The Canada Revenue Agency has always proceeded on the basis that the 163.2 penalties are civil penalties.  The Canada Revenue Agency reassessed Ms. Guindon on the basis that the 163.2 penalty is a civil penalty.

However, since the penalty was introduced in the 1999 Federal Budget there have been tax practitioners who have speculated and argued that the penalty is potentially so onerous that it is, in substance, a criminal penalty as opposed to a civil penalty.

The Guindon decision was the first time that the Tax Court of Canada had to consider whether penalties pursuant to section 163.2 are in substance civil or criminal penalties.

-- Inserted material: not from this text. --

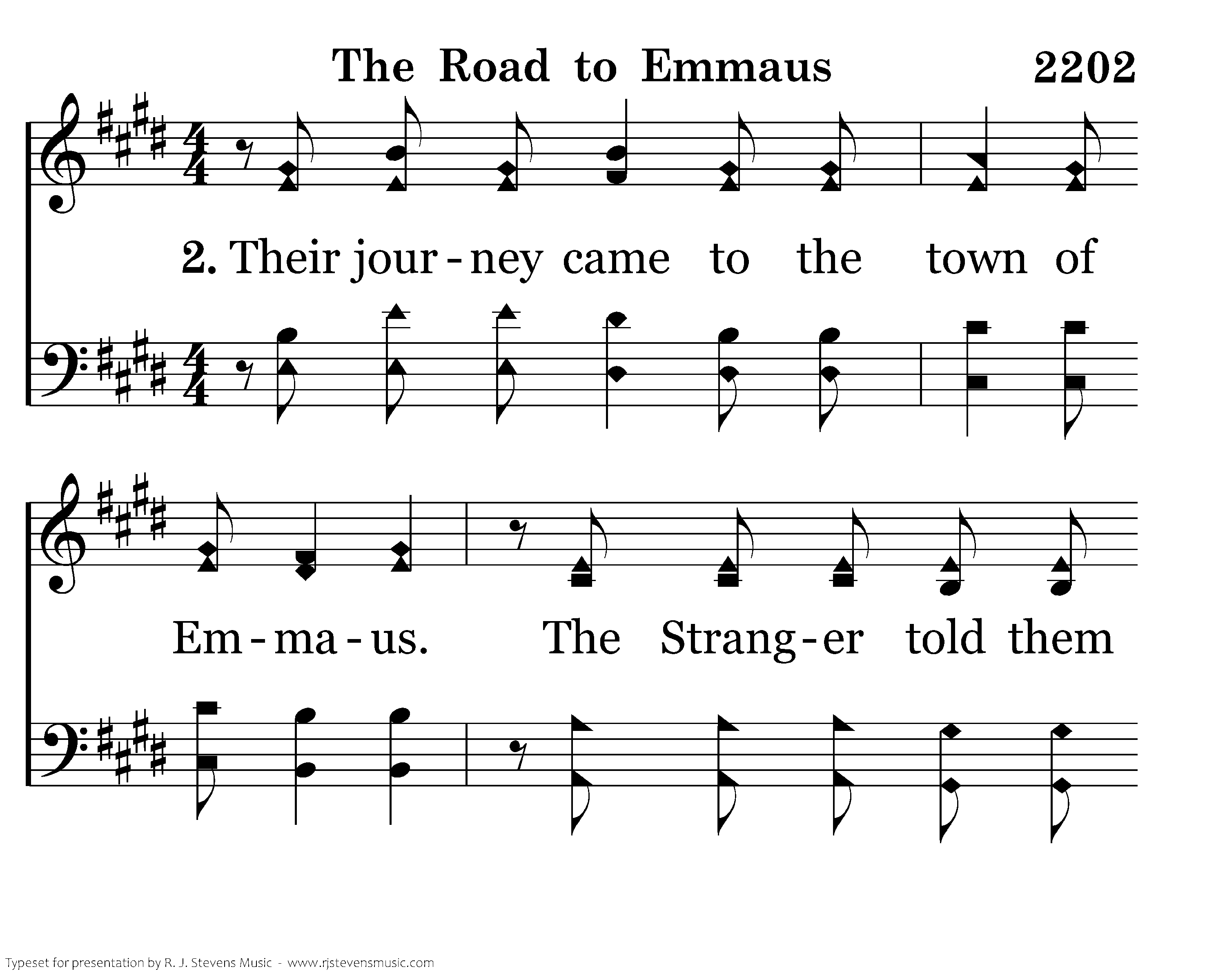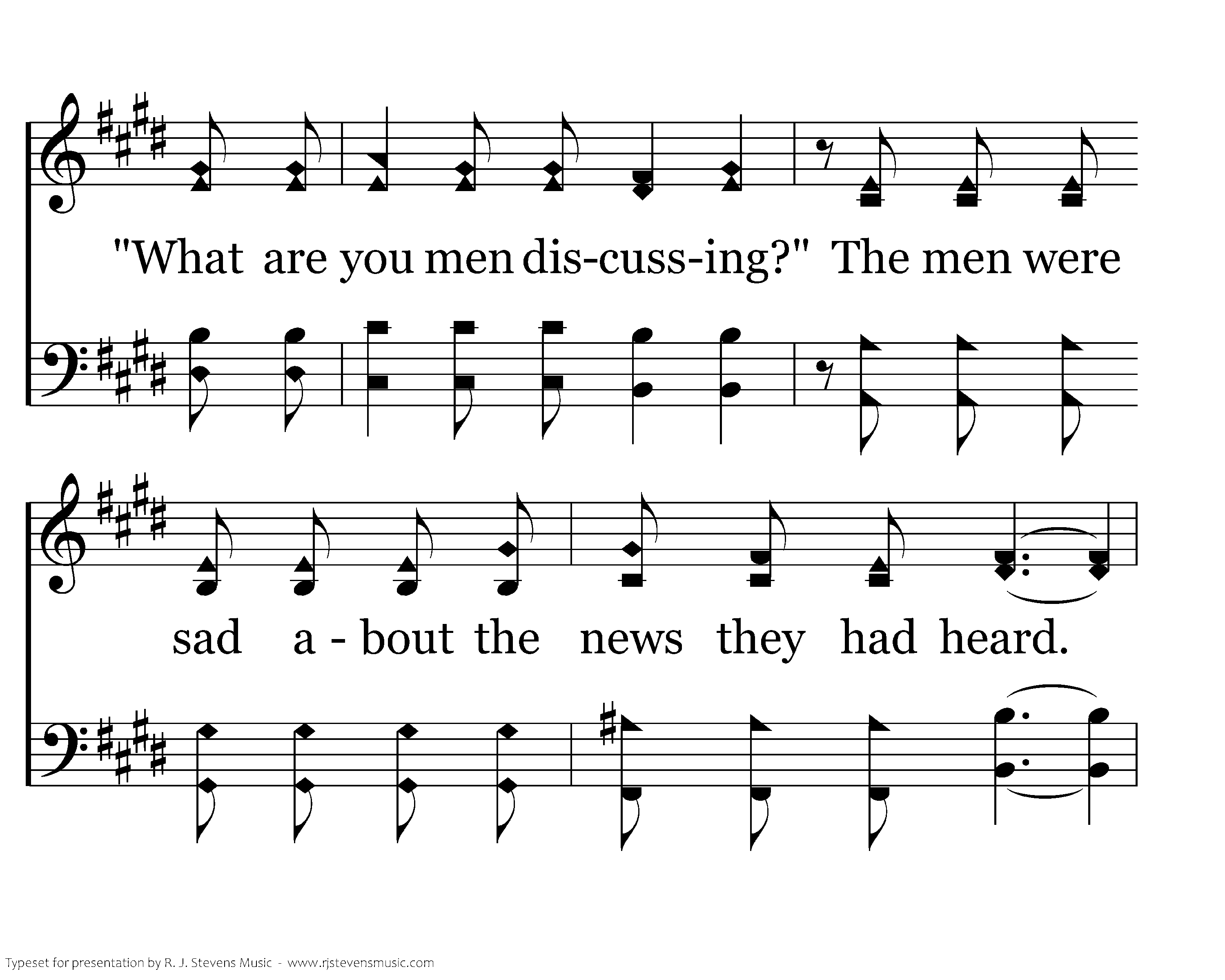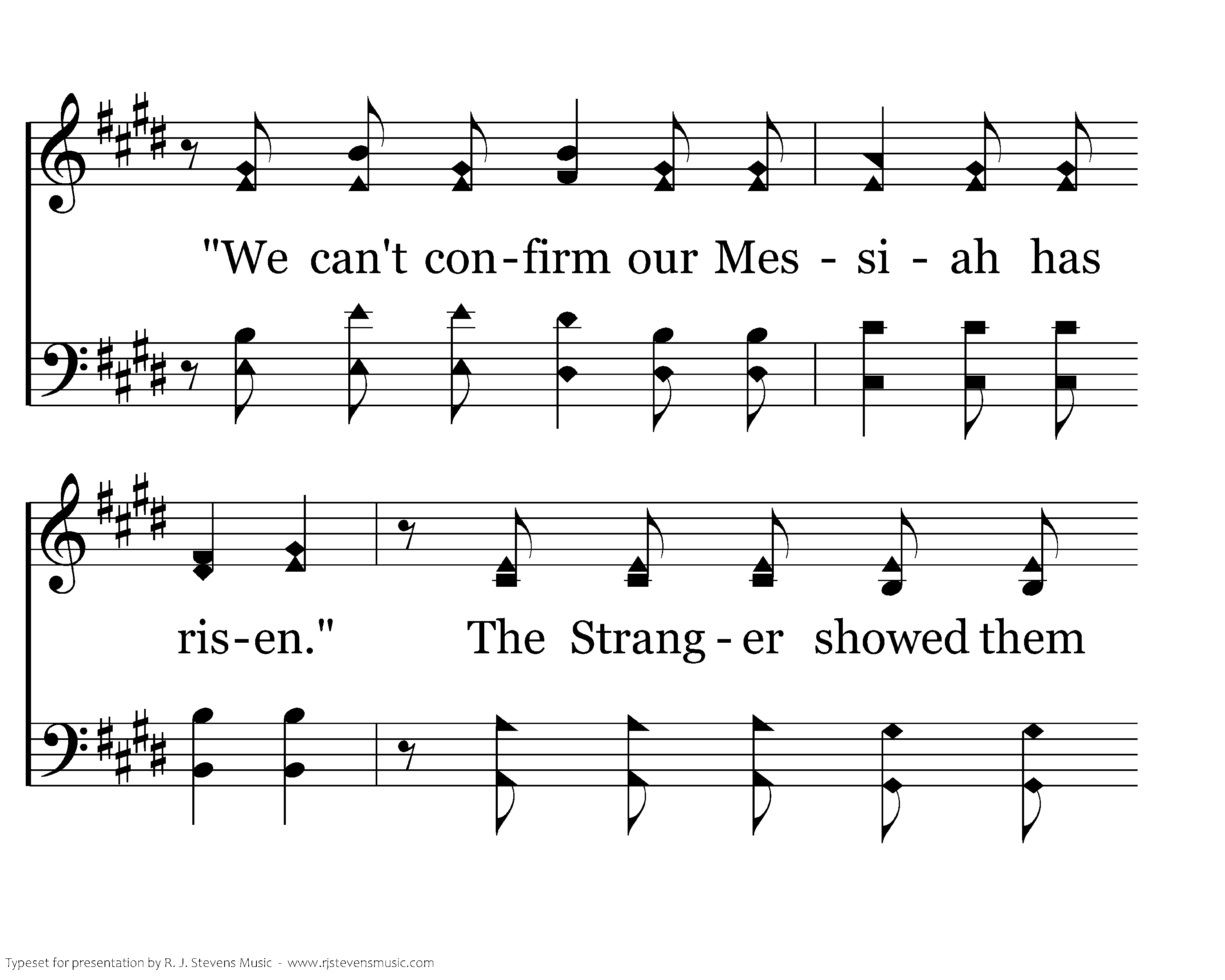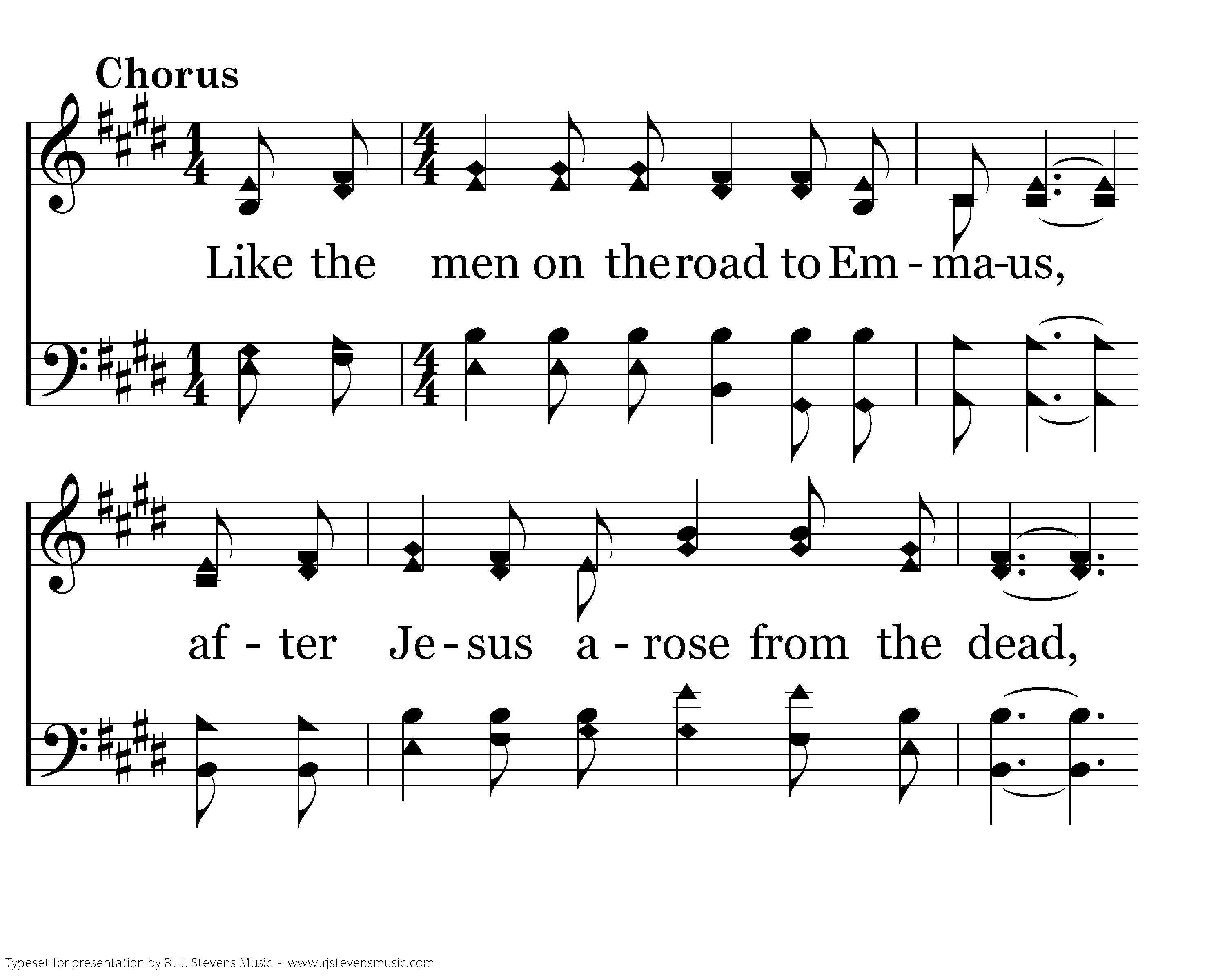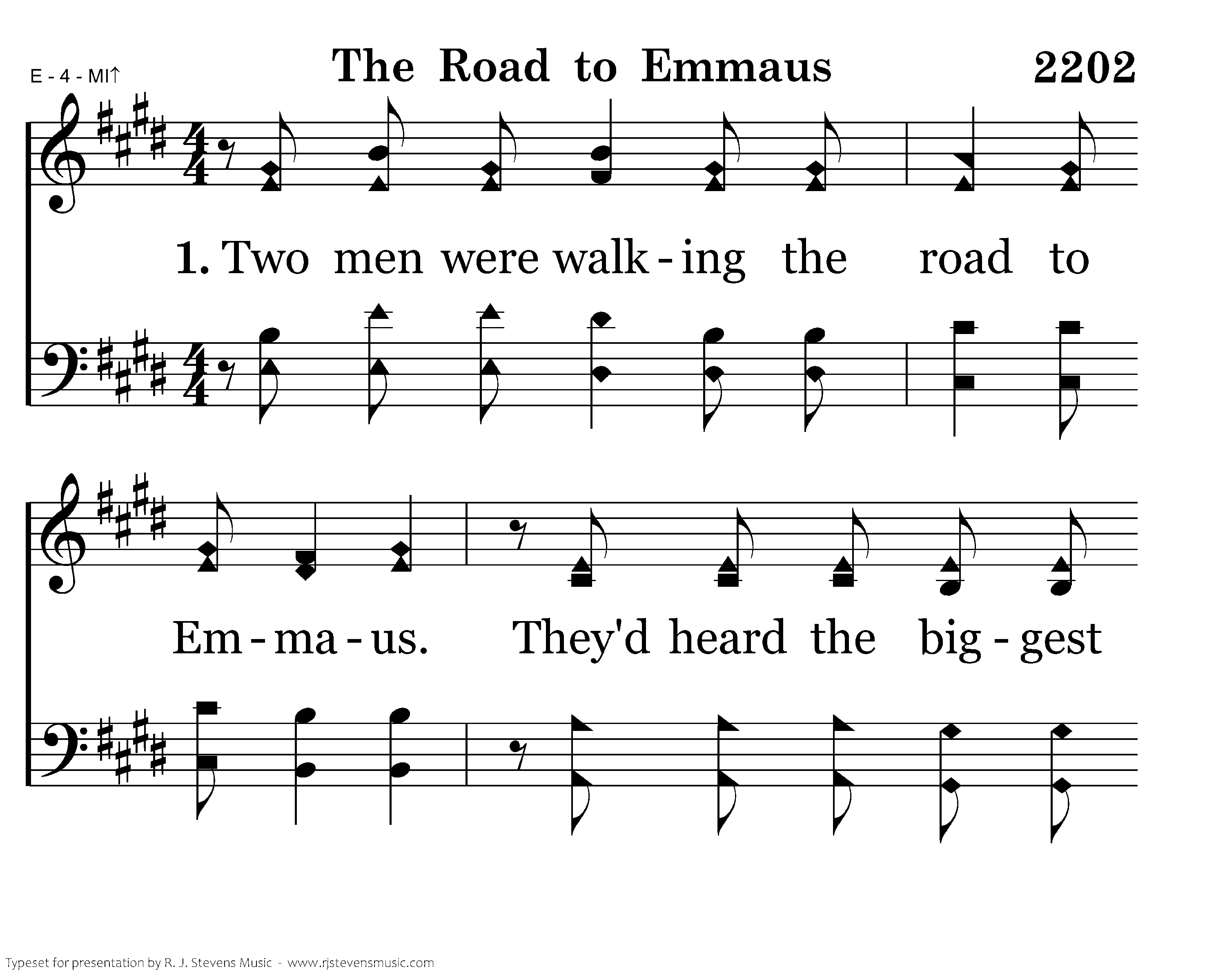 Two men were walking the road to Emmaus. They'd heard the biggest thing the world's ever seen. The Jews' Messiah had come to save Israel, At least they thought He was the one to redeem. A Stranger came, "What are you men discussing?" The men were sad about the news they had heard. "We can't confirm our Messiah has risen." The Stranger showed them from His Holy Word.

After considerable analysis, the Tax Court of Canada found that the 163.2 penalties create in substance a criminal offence because section 163.2:

  • “is so far-reaching and broad in scope that its intent is to promote public order and protect the public at larger rather than to deter specific behaviour and ensure compliance with the regulatory scheme of the Act.  Furthermore, the substantial penalty imposed on the third party – a penalty which can potentially be even greater than the fine imposed under the criminal provisions of section 239 of the Act, without the third party even benefiting from the protection of the Charter – qualifies as a true penal consequence.”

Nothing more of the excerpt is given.